Voici le protocole de l’étude. Après avoir doté les souris de cellules souches reproduisant un
système immunitaire humain, les chercheurs leur ont administré de la cocaïne ou une solution
saline pendant cinq jours. Ensuite, les souris ont reçu une injection de virus du sida, puis à
nouveau la cocaïne ou la solution saline pendant 14 jours. Enfin, les souris ont été sacrifiées et
leurs organes, analysés. Ph. © Scientific Reports
Pour la première fois, ce modèle de souris, utilisé habituellement dans les recherches sur le
cancer et le sida, a été utilisé pour étudier les effets d’une drogue sur le système immunitaire.

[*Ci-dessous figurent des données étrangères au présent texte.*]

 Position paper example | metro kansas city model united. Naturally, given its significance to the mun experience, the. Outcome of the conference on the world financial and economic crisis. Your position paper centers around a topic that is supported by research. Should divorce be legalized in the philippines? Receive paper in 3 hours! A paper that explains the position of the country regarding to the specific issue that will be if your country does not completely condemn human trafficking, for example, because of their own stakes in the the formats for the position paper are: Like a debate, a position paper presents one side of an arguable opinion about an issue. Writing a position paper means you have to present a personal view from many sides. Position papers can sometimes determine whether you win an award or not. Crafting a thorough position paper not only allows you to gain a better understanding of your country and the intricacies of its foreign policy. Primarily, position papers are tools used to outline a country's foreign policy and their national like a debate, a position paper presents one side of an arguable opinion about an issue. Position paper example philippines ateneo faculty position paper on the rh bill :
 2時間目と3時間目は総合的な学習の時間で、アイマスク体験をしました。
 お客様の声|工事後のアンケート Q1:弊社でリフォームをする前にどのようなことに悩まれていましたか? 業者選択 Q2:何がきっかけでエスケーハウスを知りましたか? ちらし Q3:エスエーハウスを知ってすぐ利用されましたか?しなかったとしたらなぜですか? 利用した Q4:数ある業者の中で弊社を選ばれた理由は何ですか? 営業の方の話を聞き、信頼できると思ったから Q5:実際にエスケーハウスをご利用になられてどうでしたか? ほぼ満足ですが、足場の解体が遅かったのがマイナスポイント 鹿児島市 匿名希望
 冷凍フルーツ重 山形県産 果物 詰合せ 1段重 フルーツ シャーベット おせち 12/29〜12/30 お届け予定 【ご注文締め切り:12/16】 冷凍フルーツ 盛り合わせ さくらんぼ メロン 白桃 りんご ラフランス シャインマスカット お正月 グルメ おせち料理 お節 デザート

L’équipe de Dimitrios Vatakis, à l’université de Californie à Los Angeles (États-Unis), a injecté,
cinq jours durant, une dose de cocaïne à 19 de ces souris, et une dose de simple solution
physiologique (sans effet) à 19 autres. Ensuite, les souris ont reçu une injection de VIH, puis
elles ont continué à recevoir leur injection quotidienne de cocaïne ou de solution physiologique
pendant deux semaines.
LA COCAÏNE AFFAIBLIT LES CELLULES CHARGÉES DE LA DÉFENSE
IMMUNITAIRE
Les résultats sont publiés dans la revue Scientific Reports : la présence de cocaïne facilite la
diffusion du virus. Chez les souris ayant reçu une dose quotidienne de cette substance, à la fin de
l’expérience, les concentrations de virus dans le sang étaient plus élevées. Seules 3 parmi ces 19
souris ne présentaient pas de niveaux détectables de VIH dans le sang, contre 9 souris parmi les
19 ayant reçu une injection inerte. Les biologistes ont aussi détecté dans le sang des souris
“cocaïnomanes” une plus forte concentration d’ARN viral, produit par le VIH lorsqu’il se
multiplie, signe que le virus se répand plus aisément dans leur organisme.

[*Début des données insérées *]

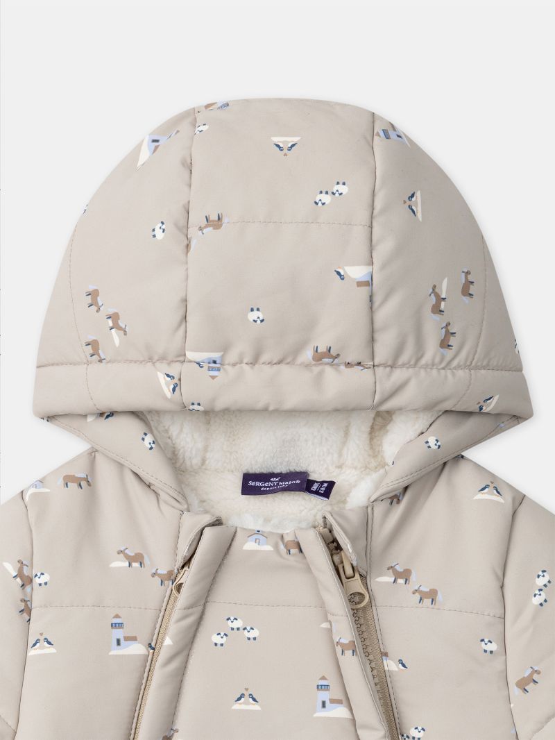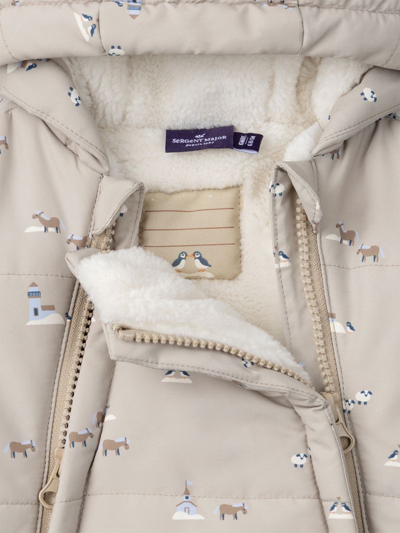- Космонавт с мека и топла мъхеста материя в цвят екрю с подплата с десен на животни

Enfin, les cellules immunitaires de ces souris voyaient leur réaction s’amenuiser en présence
de cocaïne. Les lymphocytes T de type CD4, d’habitude en première ligne dans la lutte contre un
agent infectieux, réagissaient de manière très atténuée, secrétant une trop faible quantité de
cytokines, des messagers immunitaires fondamentaux pour organiser les défenses. De leur côté,
les lymphocytes tueurs (T de type CD8), n’étaient plus capables de tuer les cellules infectées par
le virus.
Toutes ces données montrent clairement que la cocaïne a un effet direct de facilitateur de
l’infection par le virus du sida. Une conclusion qui a de quoi inquiéter, alors que l’on compte, en
France, 450 000 personnes en ayant fait usage au moins une fois au cours de l’année
2014,d’après le dernier rapport de l’Observatoire français des drogues et des toxicomanies.